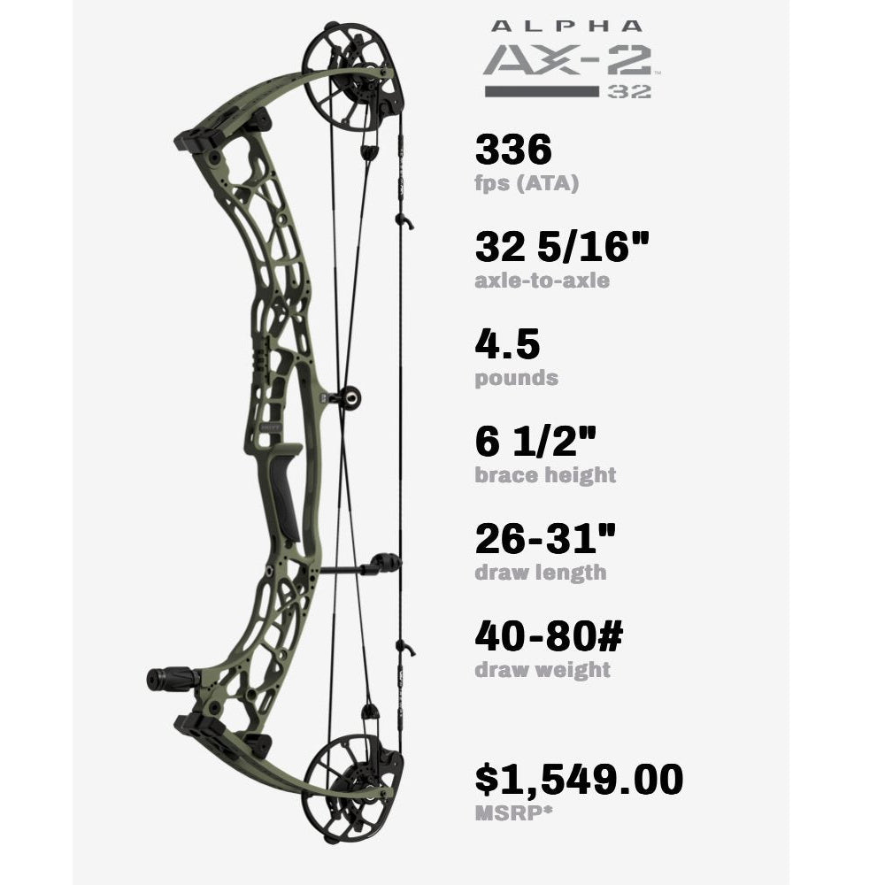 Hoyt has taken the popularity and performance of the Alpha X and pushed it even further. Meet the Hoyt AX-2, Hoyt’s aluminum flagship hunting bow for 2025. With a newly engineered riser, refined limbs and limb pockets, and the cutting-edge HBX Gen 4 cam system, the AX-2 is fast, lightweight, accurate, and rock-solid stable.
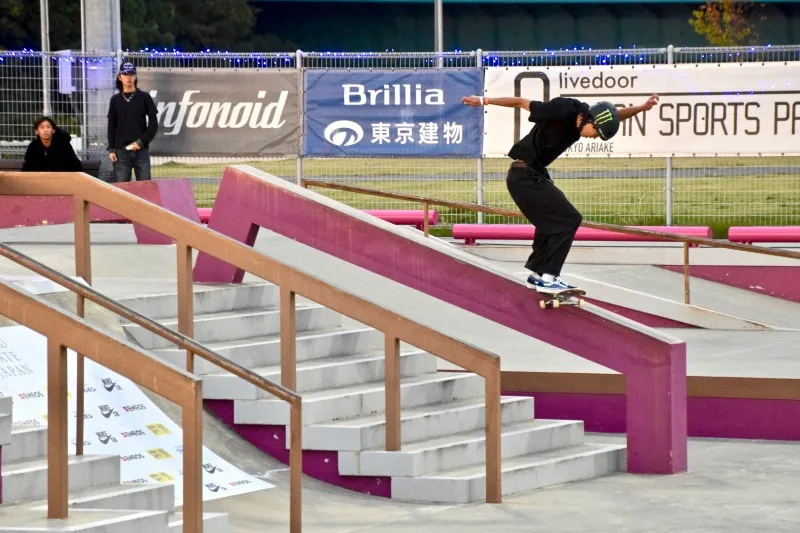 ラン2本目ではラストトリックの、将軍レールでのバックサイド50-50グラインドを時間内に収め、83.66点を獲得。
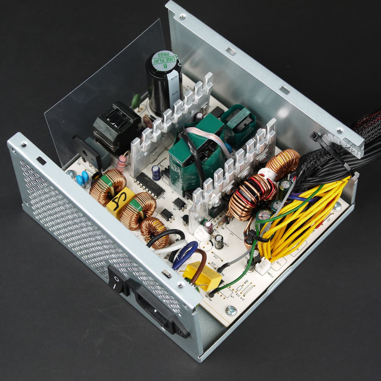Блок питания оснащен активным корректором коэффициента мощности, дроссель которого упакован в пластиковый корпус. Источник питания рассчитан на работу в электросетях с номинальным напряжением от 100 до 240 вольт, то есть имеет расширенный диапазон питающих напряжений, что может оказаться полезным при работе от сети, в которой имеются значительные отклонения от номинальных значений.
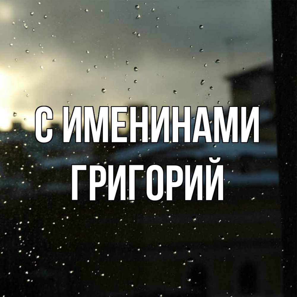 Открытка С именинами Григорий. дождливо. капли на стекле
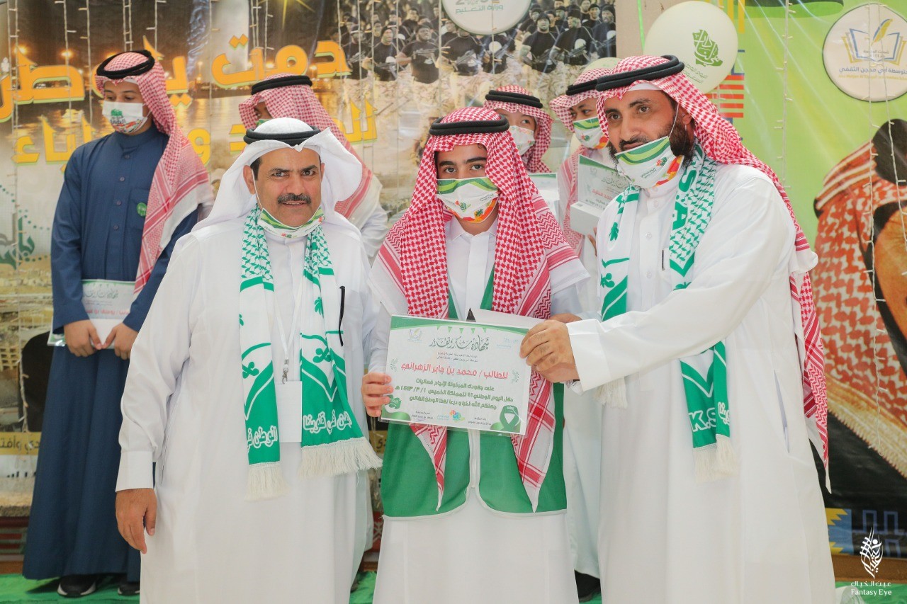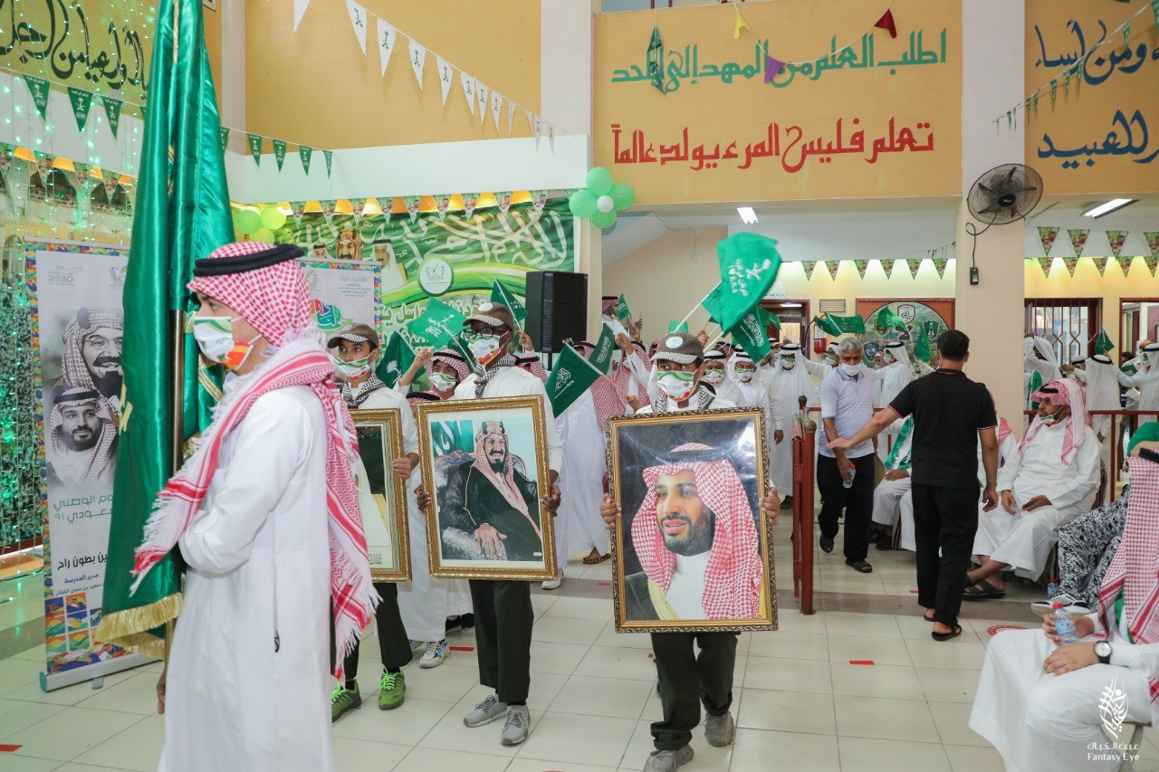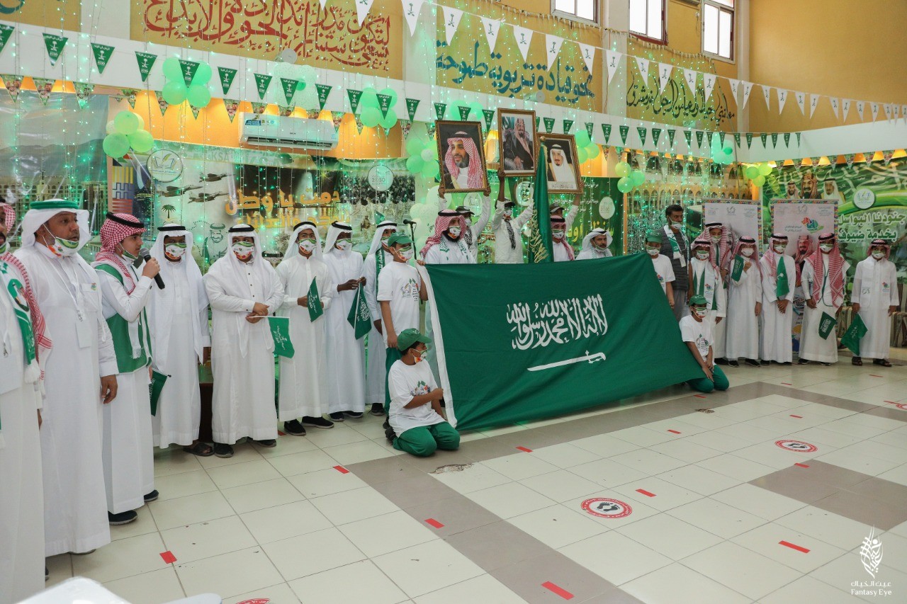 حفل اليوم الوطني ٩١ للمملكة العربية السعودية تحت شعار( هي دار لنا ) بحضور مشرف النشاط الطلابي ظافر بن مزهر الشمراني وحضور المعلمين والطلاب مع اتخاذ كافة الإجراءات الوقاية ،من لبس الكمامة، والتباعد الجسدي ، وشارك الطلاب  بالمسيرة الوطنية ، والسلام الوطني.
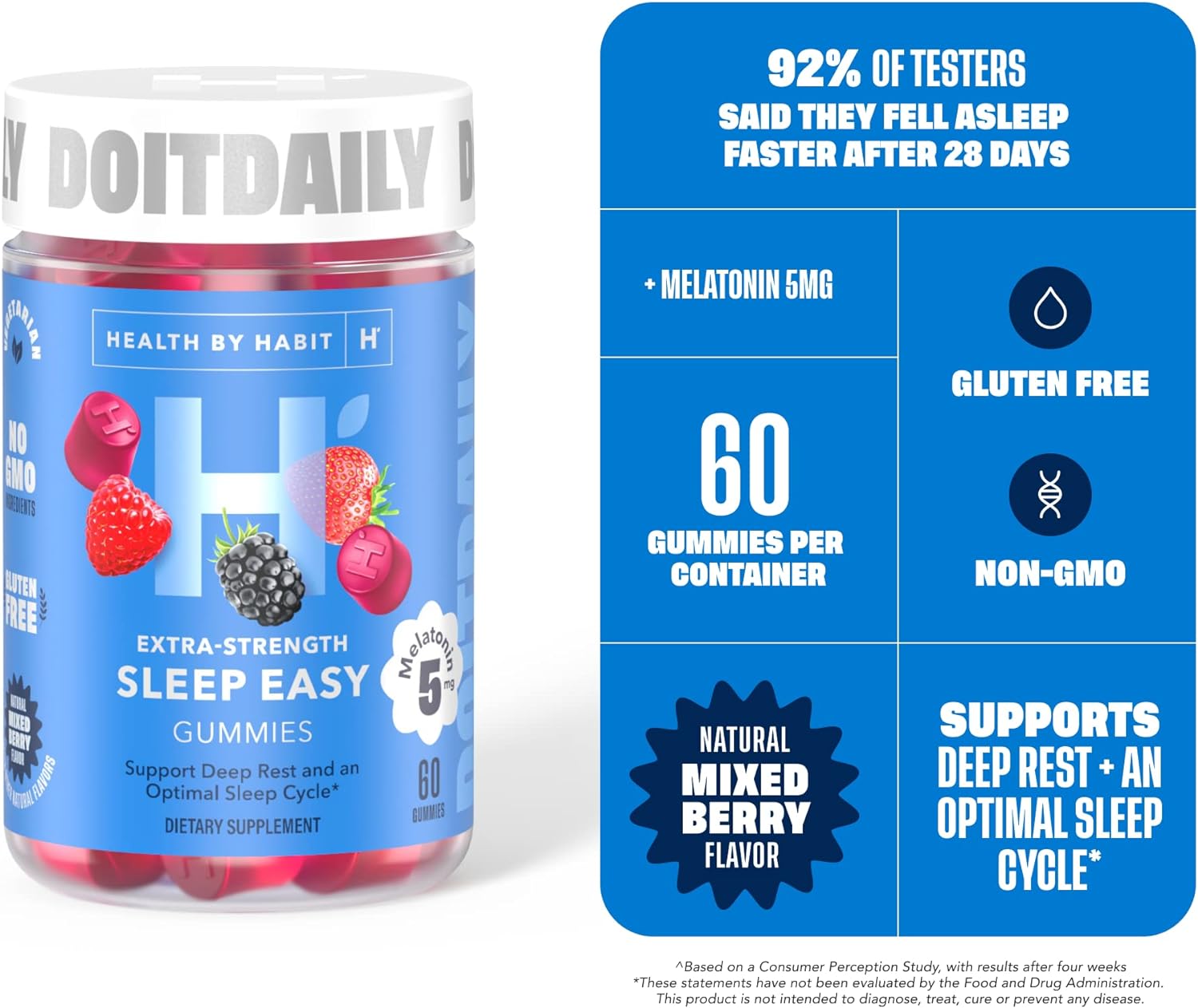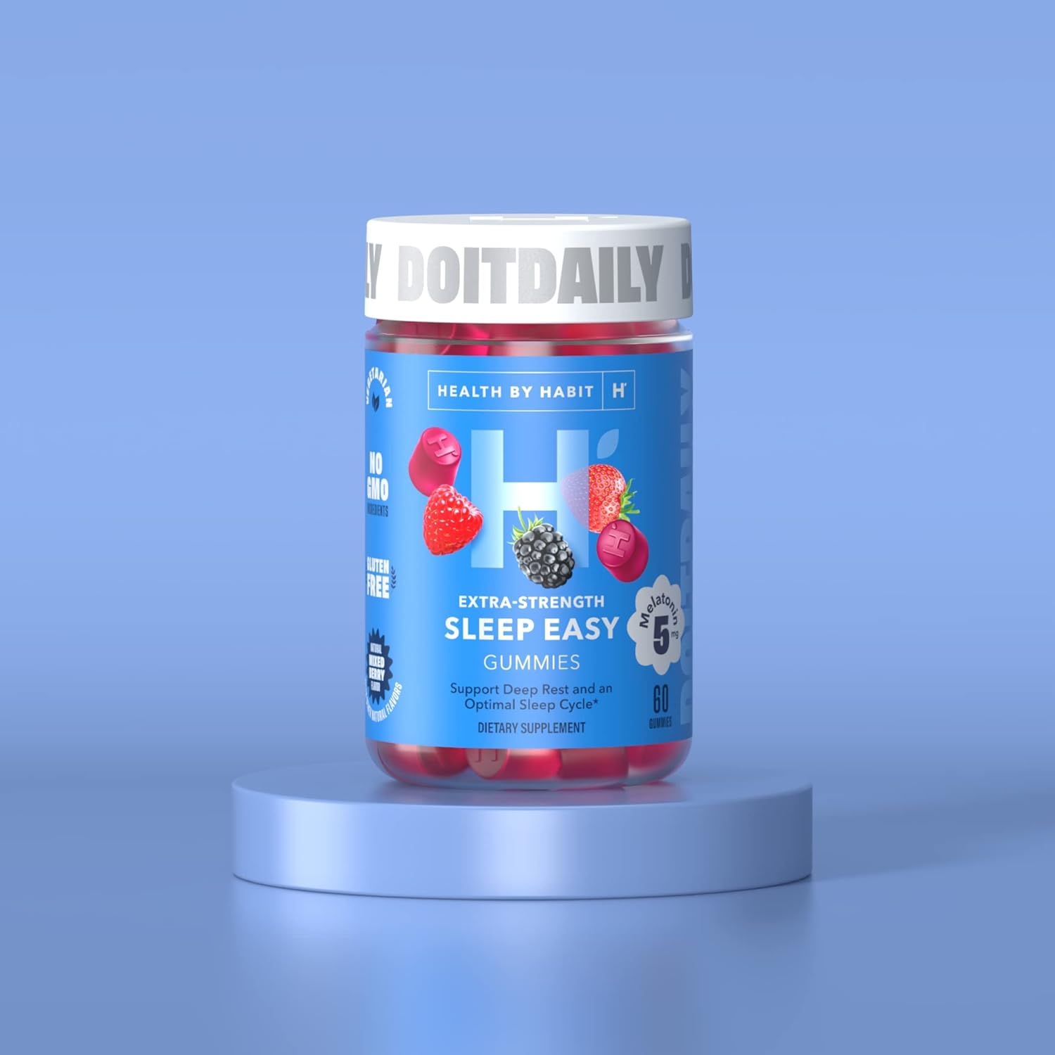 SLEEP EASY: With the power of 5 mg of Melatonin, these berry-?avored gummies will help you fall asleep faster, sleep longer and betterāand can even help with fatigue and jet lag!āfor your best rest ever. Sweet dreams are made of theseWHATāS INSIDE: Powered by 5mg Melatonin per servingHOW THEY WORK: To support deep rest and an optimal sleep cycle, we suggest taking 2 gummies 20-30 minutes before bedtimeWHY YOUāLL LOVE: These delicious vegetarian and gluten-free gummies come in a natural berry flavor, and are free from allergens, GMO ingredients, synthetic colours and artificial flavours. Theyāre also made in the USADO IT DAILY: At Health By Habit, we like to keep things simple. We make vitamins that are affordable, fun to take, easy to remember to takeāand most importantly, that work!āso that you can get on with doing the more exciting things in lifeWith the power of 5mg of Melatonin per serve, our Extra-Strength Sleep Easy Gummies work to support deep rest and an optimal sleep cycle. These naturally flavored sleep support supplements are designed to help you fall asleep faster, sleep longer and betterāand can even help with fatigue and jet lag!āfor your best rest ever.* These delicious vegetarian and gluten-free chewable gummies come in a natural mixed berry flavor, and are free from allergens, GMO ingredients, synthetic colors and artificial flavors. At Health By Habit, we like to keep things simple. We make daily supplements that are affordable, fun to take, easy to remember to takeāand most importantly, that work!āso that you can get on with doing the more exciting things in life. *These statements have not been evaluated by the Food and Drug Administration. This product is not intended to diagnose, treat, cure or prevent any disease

- _GOAL OF THE EXERCISE_
Will you set down the records word for word while leaving out every picture?

- _REPLY TO THE EXERCISE_
 Hoyt has taken the popularity and performance of the Alpha X and pushed it even further. Meet the Hoyt AX-2, Hoyt’s aluminum flagship hunting bow for 2025. With a newly engineered riser, refined limbs and limb pockets, and the cutting-edge HBX Gen 4 cam system, the AX-2 is fast, lightweight, accurate, and rock-solid stable.
 ラン2本目ではラストトリックの、将軍レールでのバックサイド50-50グラインドを時間内に収め、83.66点を獲得。
Блок питания оснащен активным корректором коэффициента мощности, дроссель которого упакован в пластиковый корпус. Источник питания рассчитан на работу в электросетях с номинальным напряжением от 100 до 240 вольт, то есть имеет расширенный диапазон питающих напряжений, что может оказаться полезным при работе от сети, в которой имеются значительные отклонения от номинальных значений.
 Открытка С именинами Григорий. дождливо. капли на стекле
 حفل اليوم الوطني ٩١ للمملكة العربية السعودية تحت شعار( هي دار لنا ) بحضور مشرف النشاط الطلابي ظافر بن مزهر الشمراني وحضور المعلمين والطلاب مع اتخاذ كافة الإجراءات الوقاية ،من لبس الكمامة، والتباعد الجسدي ، وشارك الطلاب  بالمسيرة الوطنية ، والسلام الوطني.
 SLEEP EASY: With the power of 5 mg of Melatonin, these berry-?avored gummies will help you fall asleep faster, sleep longer and betterāand can even help with fatigue and jet lag!āfor your best rest ever. Sweet dreams are made of theseWHATāS INSIDE: Powered by 5mg Melatonin per servingHOW THEY WORK: To support deep rest and an optimal sleep cycle, we suggest taking 2 gummies 20-30 minutes before bedtimeWHY YOUāLL LOVE: These delicious vegetarian and gluten-free gummies come in a natural berry flavor, and are free from allergens, GMO ingredients, synthetic colours and artificial flavours. Theyāre also made in the USADO IT DAILY: At Health By Habit, we like to keep things simple. We make vitamins that are affordable, fun to take, easy to remember to takeāand most importantly, that work!āso that you can get on with doing the more exciting things in lifeWith the power of 5mg of Melatonin per serve, our Extra-Strength Sleep Easy Gummies work to support deep rest and an optimal sleep cycle. These naturally flavored sleep support supplements are designed to help you fall asleep faster, sleep longer and betterāand can even help with fatigue and jet lag!āfor your best rest ever.* These delicious vegetarian and gluten-free chewable gummies come in a natural mixed berry flavor, and are free from allergens, GMO ingredients, synthetic colors and artificial flavors. At Health By Habit, we like to keep things simple. We make daily supplements that are affordable, fun to take, easy to remember to takeāand most importantly, that work!āso that you can get on with doing the more exciting things in life. *These statements have not been evaluated by the Food and Drug Administration. This product is not intended to diagnose, treat, cure or prevent any disease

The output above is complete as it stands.